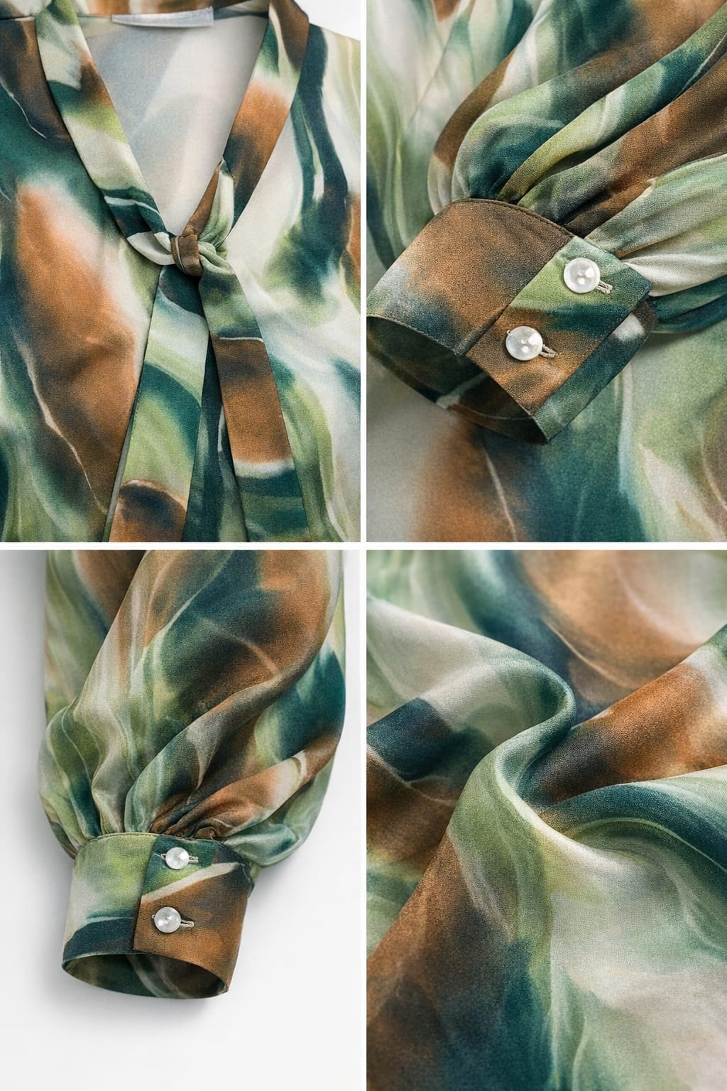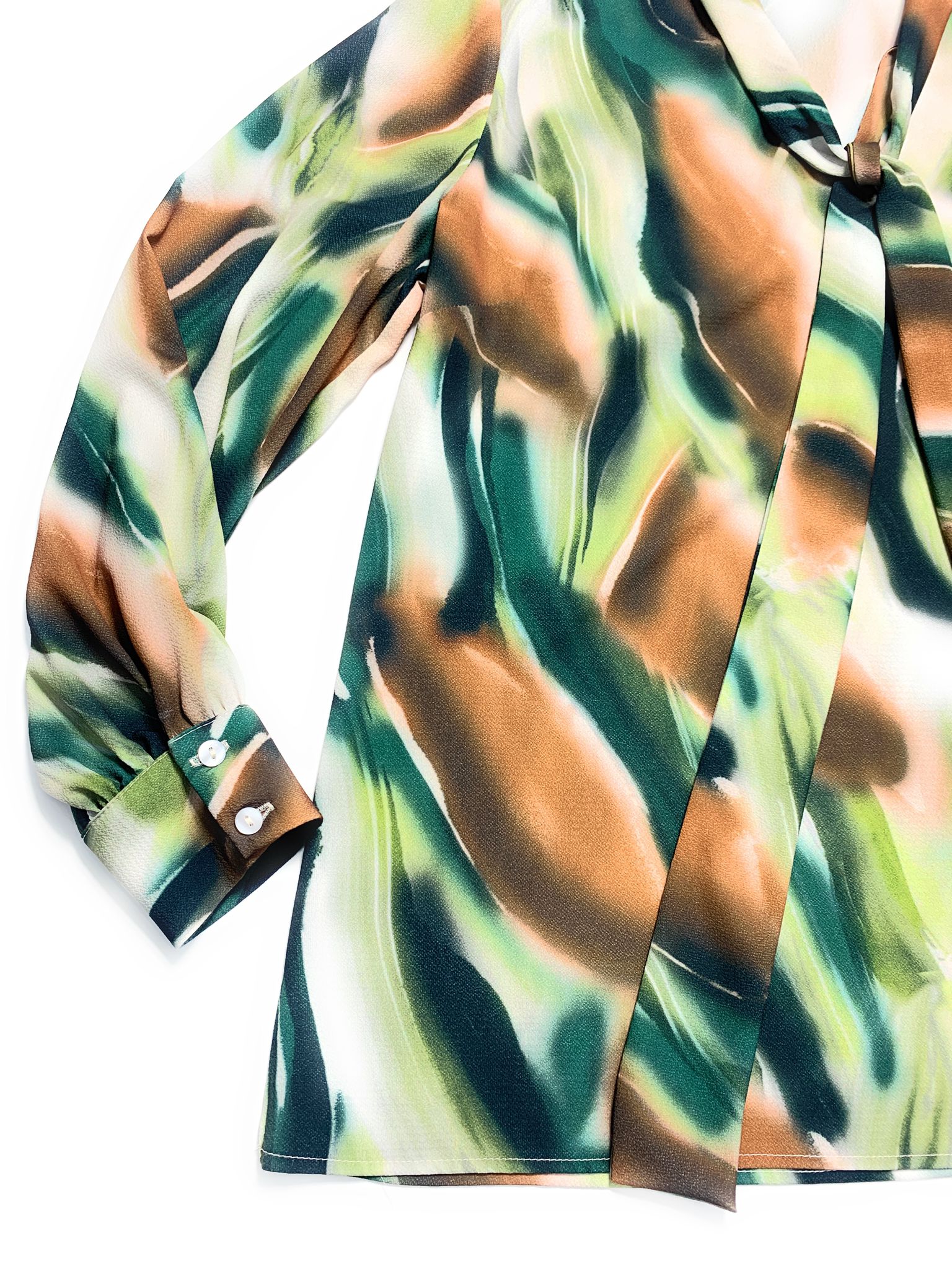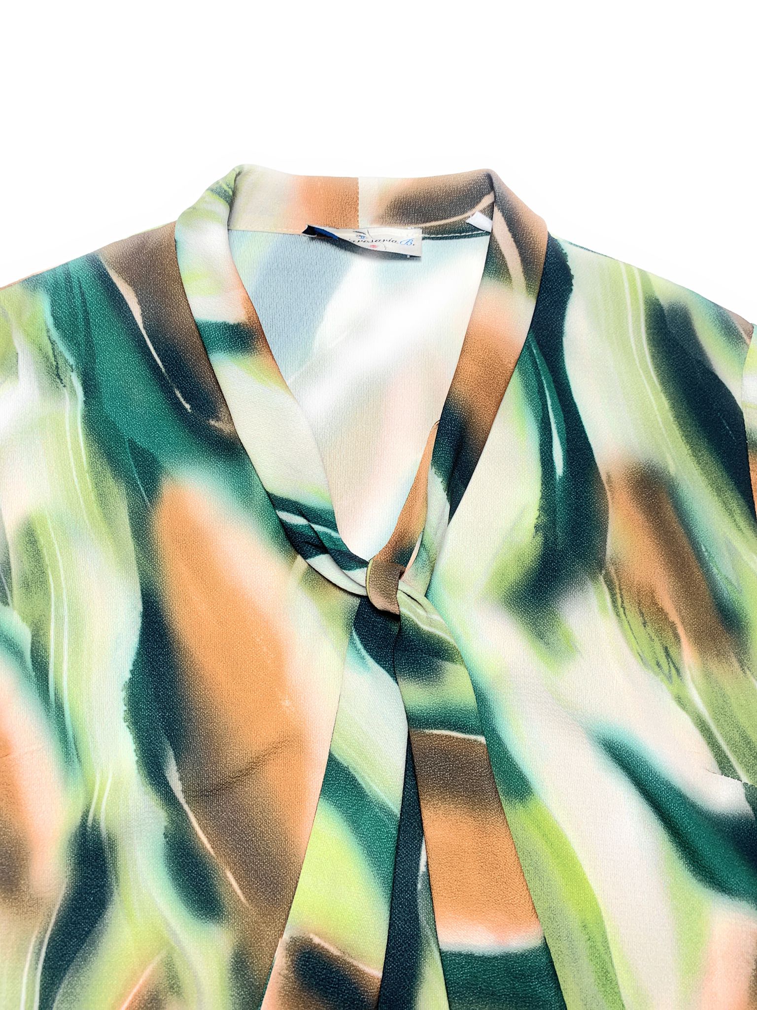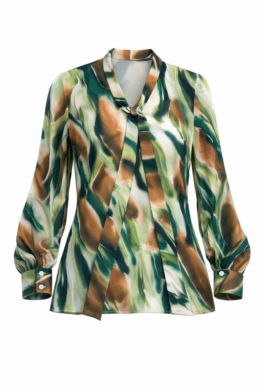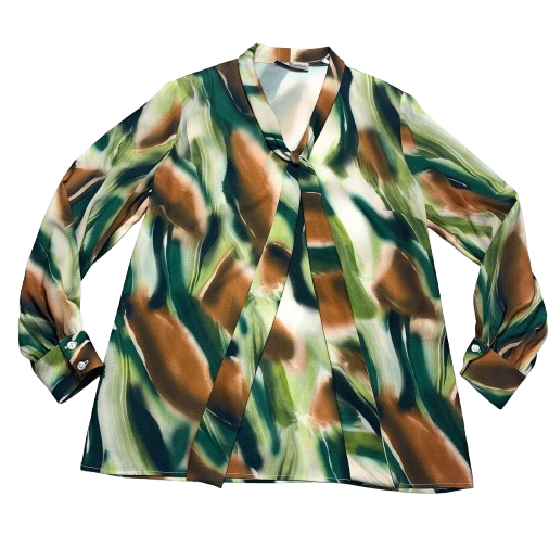 Casacca donna Mariarosaria B. collo con sciarpetta manica lunga fantasia astratta sui toni del verde in viscosa con polsino alle maniche leggermente arricciate
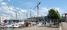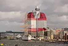 Lilla Bommen is a part of the Gothenburg harbor on the shore of the Göta älv. Said to have been constructed in the 1640s, as of 2015 it is used as a marina, owned and operated by the Gothenburg Municipality through the Liseberg company, for visiting pleasure craft.[7] Lilla Bommen is also the name of the land surrounding the harbor.[8] On the west side of the dock is The Göteborg Opera house, completed in 1994 while on the east is an office complex that includes a high-rise with the same name as the area, the Lilla Bommen.[9] The building is locally known as "The Lipstick" or "The Skanska Skyscraper". The barque Viking is moored between the dock and the high-rise.[10]
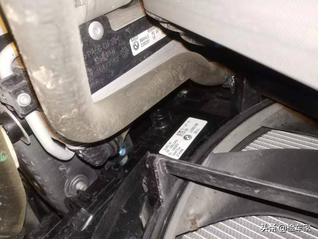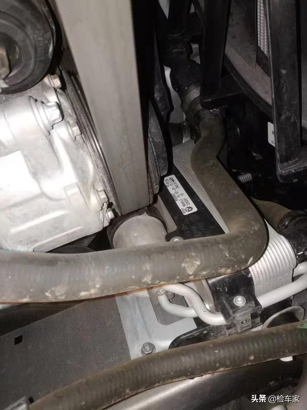 前部水箱、电子扇、散热器还有线束等部件生产日期都与车辆出厂日期相符,也没有拆卸维修的痕迹。重点检查了一下前部,防撞梁没有拆卸痕迹,看来前部不是什么大事故。不过检测内饰的时候还是要仔细检查一下气囊,防止这次事故触发气囊传感器。
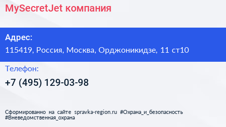 MySecretJet, компания по адресу 115419, Россия, Москва, Орджоникидзе, 11 ст10 в дальнейшем Организация, размещена в следующих категориях:
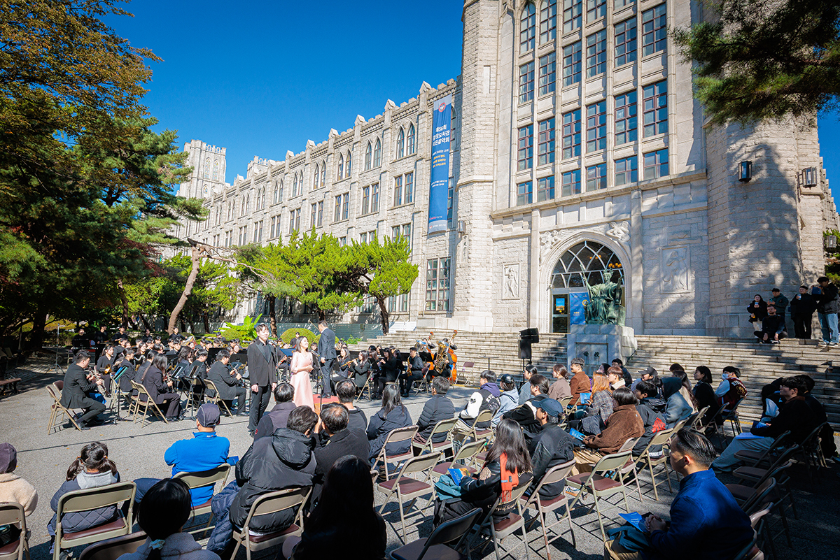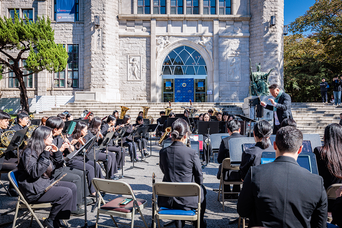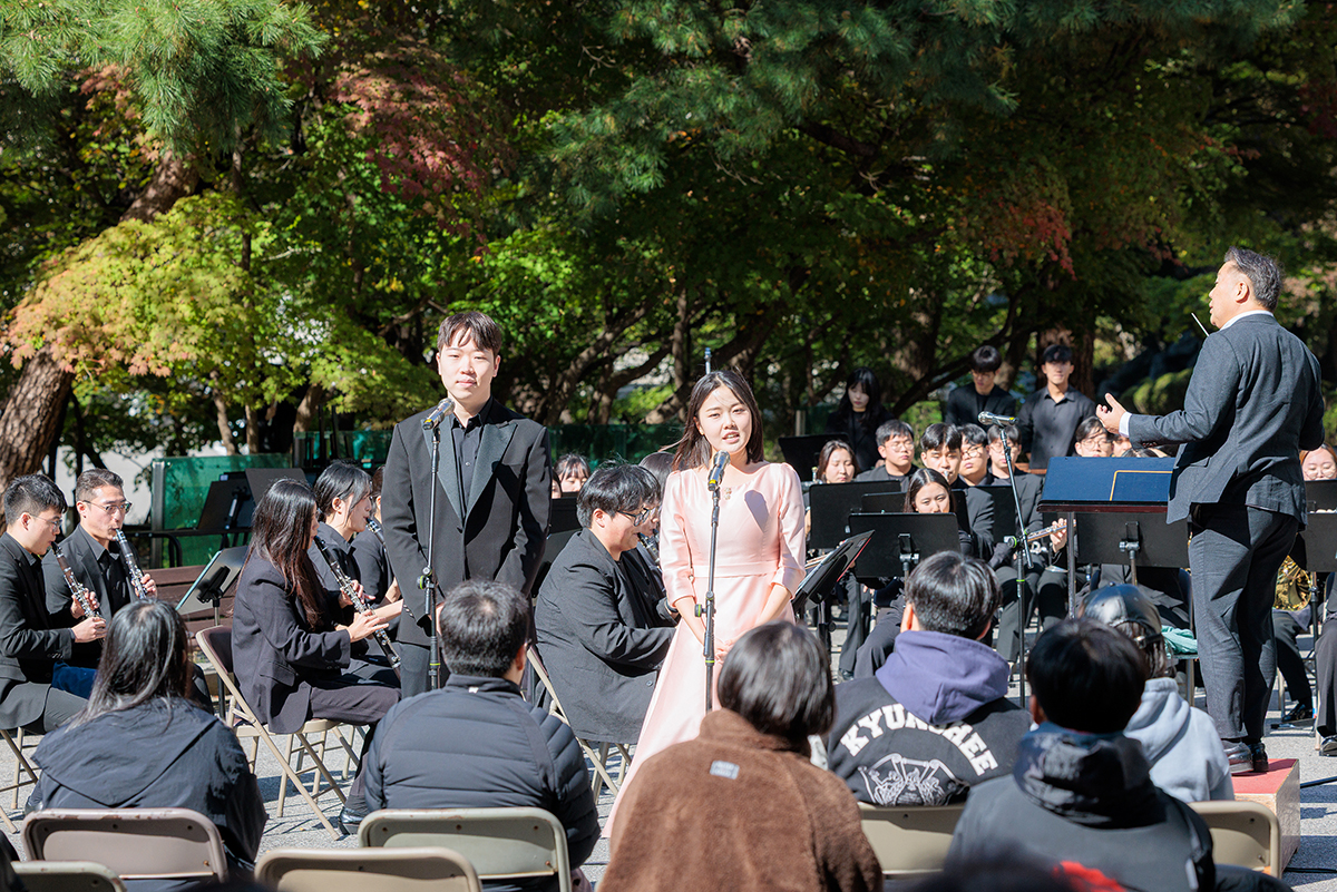 제56회 중앙도서관 작은음악회 <바람이 흐르는 소리: 클래식의 향연, 낭만을 일깨우는 윈드 오케스트라> 연주: 경희 윈드 오케스트라 지도교수: 유병엽 협연: 소프라노 최희원, 바리톤 강산 2025.10.27. 서울캠퍼스 중앙도서관

· · · · · · ·

Exercise directions
Starting at the line that holds "MySecretJet, компания по", write out every remaining line of the material above exactly as it appears. Pictures should not be copied.

Answer to this problem
 MySecretJet, компания по адресу 115419, Россия, Москва, Орджоникидзе, 11 ст10 в дальнейшем Организация, размещена в следующих категориях:
 제56회 중앙도서관 작은음악회 <바람이 흐르는 소리: 클래식의 향연, 낭만을 일깨우는 윈드 오케스트라> 연주: 경희 윈드 오케스트라 지도교수: 유병엽 협연: 소프라노 최희원, 바리톤 강산 2025.10.27. 서울캠퍼스 중앙도서관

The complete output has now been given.